Стены мелькают одна за другой, как гигантские секвойи, увешанные светлячками. Мирон догадывается, что это — громадные плоскости высоток, таких же, как его родной Улей.

— Где мы? — спрашивает он.

— Жилой комплекс «Красные Ворота». Высота зданий — пятьсот и более метров…





— Как нас сюда занесло?

— Ветер слишком сильный. Для прыжков — неблагоприятная погода…

— А то я, на хрен, еще не понял… — бесплотный голос без намёка на эмоции раздражает.

Кажется, что кожа на черепе смёрзлась, скукожилась и вот-вот слезет, обнажив голую кость. Волосы представляются ломкими тоненькими сосульками.

Дальше пошёл просвет: внезапно под собой он увидел море огней, реки раскаленной лавы — забитые транспортом магистрали, тёмные озёра парковых зон…

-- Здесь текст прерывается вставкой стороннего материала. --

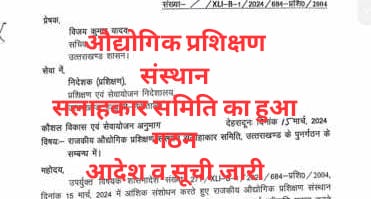 उत्तराखण्ड सरकार ने राजकीय औद्योगिक प्रशिक्षण संस्थान सलाहाकार समिति का गठन किया,जारी की गई लिस्ट देखिए कि किन नेताओं को बनाया गया सदस्य…

— Где мы? — слёзы бежали беспрерывно, промывая на щеках тёплые мокрые дорожки, и кроме размытых светлых пятен, Мирон ничего не видел. Даже надписи на координатной сетке почти не читались.

— Приближаемся к Котельнической площади.

— Это где три вокзала, да?

— Казанский, Ленинградский и…

— Неважно. Рассказывай, как там сесть.

Вокзалы — это хорошо. Даже если кому-то придёт в голову проследить его полёт, три вокзала — это минимум три направления. Тысячи людей, сотни синкансэнов, миллион вариантов…

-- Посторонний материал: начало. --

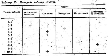 В 1932 г. Лайкерт предложил метод измерения установки без использования экспертной оценки, который получил название шкалы Лайкерта10. Идея довольно проста: группе лиц даются вопросы, которые должны оцениваться по пятибалльной системе в отношении согласия с этими вопросами (суждениями): 5 —«полностью согласен» 4—«согласен» 3 — «нейтрален» 2—«не согласен» 1—«полностью не согласен» Баллы одного лица относительно всех вопросов суммируются. Полученная сумма — балл этого лица. Затем лица ранжируются по баллам. Для построения шкалы отбирается большое число утверждений, относящихся к исследуемой установке. Главная заслуга Лайкерта состоит в том, что он предложил критерий внутренней состоятельности вопросов, который позволяет вбрасывать вопросы, не вписывающиеся в программу исследования. Определяется корреляция между баллами вопроса и общим баллом данного лица. Это можно проиллюстрировать следующим примером. 10 лицам (А, Б, В и т. д.) дается 10 вопросов, которые они должны оценить по пятибалльной системе. Каждому лицу дается бланк (табл. 25), Индивид делает отметку по каждому вопросу в соответствии о своим отношением к нему. Далее подсчитывается общий балл лица относительно всех вопросов. Полученные данные сводятся в следующую таблицу (здесь даны вычисления для пятого вопроса):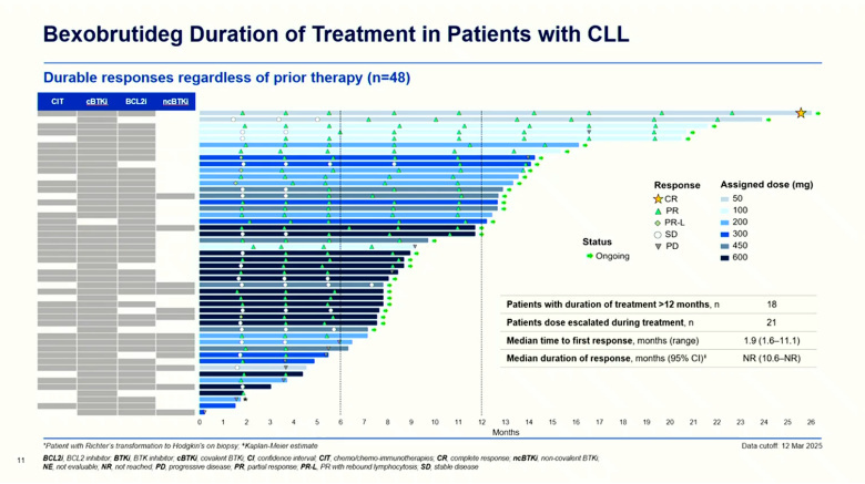 本次报告主要聚焦于Bexobrutideg Ia期剂量爬坡研究中CLL患者的数据。这项研究采用口服给药,每日一次,且同时也在非霍奇金淋巴瘤(NHL)和华氏巨球蛋白血症患者中进行相同剂量的探索。此外,研究还包括一项已完成患者招募的Ib期CLL剂量扩展研究,评估Bexobrutideg每日200 mg或600 mg在CLL患者中的安全性和有效性。

— Ваша скорость всё еще высока. Вероятность жесткой посадки восемьдесят шесть процентов.

— Забей. Если я не спущусь в ближайшие тридцать секунд, мой мозг превратится в ледышку.

Ушей он уже не чувствовал. Глаза покрылись ледяной корочкой — во всяком случае, так казалось. Внизу, характерной подковой, поблёскивала площадь.

Нельзя свалиться с неба прямо на дорогу, — подумал он.

Чуть изменив угол наклона рук — он уже худо-бедно научился управлять своим телом, затянутым в лёгкий вингсъют — Мирон устремился к скопищу огней за пределами зданий.

Программа сообщила, что там — сортировочная. Автоматический завод-погрузчик, совершенно безлюдный. А с камерами, заверила программа, она справится.

— Слева по курсу кран, — предупреждает бесплотный голос.

Мирон, едва шевельнув пальцами, уворачивается он перекрестья металлических балок, едва подсвеченных оледенелыми огоньками.

Как призрачные маяки Святого Эльма, — думает он. — Бестелесные, бездушные, безнадёжные…

— Прошу разрешения перейти в фазу торможения.

— Давно пора, — буркнул он. Или показалось, что буркнул. Губ он тоже не чувствовал.

Вингсъют хлопнул, перестраивая мембраны. Мирон провалился в воздушную яму — сердце ударилось о свод черепа изнутри и улетело в пятки. А потом земля ухнула куда-то вниз.

Тканевые плёнки, ранее похожие на упругие паруса, теперь мягко растянулись, как зонтик медузы, позволив его телу парить, словно на крыльях.

Всё застыло. Перестало свистеть в ушах, не гудела больше натянутая ткань. Образовался кокон тишины. Он повис, будто подвешенный на невидимых тросах, между небом и землей.

Горизонт больше не заваливался, земля перестала походить на несущийся поезд, превратилась в широкую вогнутую чашу.

Если бы оставались силы, если бы горло не было перемолото железной хваткой Хидео, если бы он не превратился в ледышку — то обязательно закричал бы от восторга.

Наконец-то он испытал кайф. От полёта, от парения в невесомости, от свободы. Здесь не было никаких преград. Ни камер, ни вездесущих дронов — только он. Один.